**TASK TO CARRY OUT**
Copy the data exactly from the line that contains "鈧(Sc)是巖石圈中的分散金" through the line that contains "Credinţa te înstrăinează", keeping both end lines and leaving out everything else.

**SOURCE DATA**
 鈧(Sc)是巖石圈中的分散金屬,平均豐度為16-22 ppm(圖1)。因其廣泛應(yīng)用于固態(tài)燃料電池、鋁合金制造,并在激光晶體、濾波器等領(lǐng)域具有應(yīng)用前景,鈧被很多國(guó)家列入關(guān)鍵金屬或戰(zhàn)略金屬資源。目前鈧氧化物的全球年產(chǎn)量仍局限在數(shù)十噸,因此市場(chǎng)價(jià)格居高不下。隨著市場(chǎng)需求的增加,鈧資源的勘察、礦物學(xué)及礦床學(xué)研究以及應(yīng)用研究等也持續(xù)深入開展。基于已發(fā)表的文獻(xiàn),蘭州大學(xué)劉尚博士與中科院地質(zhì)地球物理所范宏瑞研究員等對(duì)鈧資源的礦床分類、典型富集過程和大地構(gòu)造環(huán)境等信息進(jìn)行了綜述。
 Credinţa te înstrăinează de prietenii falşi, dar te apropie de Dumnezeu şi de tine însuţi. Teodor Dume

...

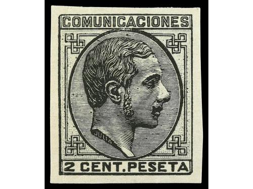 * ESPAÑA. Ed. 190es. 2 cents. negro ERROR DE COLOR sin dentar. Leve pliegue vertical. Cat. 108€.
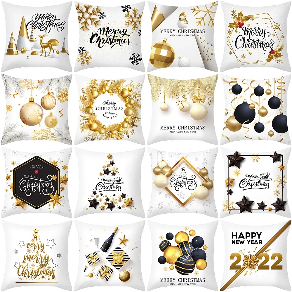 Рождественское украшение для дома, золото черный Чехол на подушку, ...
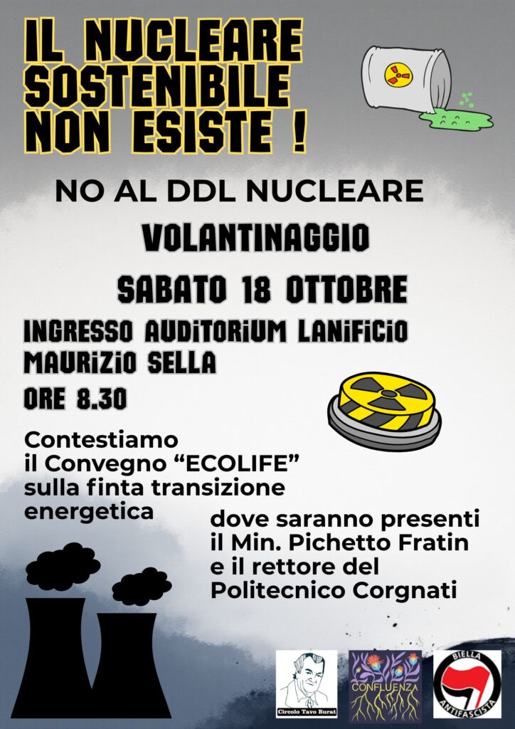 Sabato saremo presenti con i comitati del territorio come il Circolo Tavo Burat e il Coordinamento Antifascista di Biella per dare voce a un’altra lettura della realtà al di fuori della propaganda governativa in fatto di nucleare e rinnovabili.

**EXERCISE OUTPUT**
 鈧(Sc)是巖石圈中的分散金屬,平均豐度為16-22 ppm(圖1)。因其廣泛應(yīng)用于固態(tài)燃料電池、鋁合金制造,并在激光晶體、濾波器等領(lǐng)域具有應(yīng)用前景,鈧被很多國(guó)家列入關(guān)鍵金屬或戰(zhàn)略金屬資源。目前鈧氧化物的全球年產(chǎn)量仍局限在數(shù)十噸,因此市場(chǎng)價(jià)格居高不下。隨著市場(chǎng)需求的增加,鈧資源的勘察、礦物學(xué)及礦床學(xué)研究以及應(yīng)用研究等也持續(xù)深入開展。基于已發(fā)表的文獻(xiàn),蘭州大學(xué)劉尚博士與中科院地質(zhì)地球物理所范宏瑞研究員等對(duì)鈧資源的礦床分類、典型富集過程和大地構(gòu)造環(huán)境等信息進(jìn)行了綜述。
 Credinţa te înstrăinează de prietenii falşi, dar te apropie de Dumnezeu şi de tine însuţi. Teodor Dume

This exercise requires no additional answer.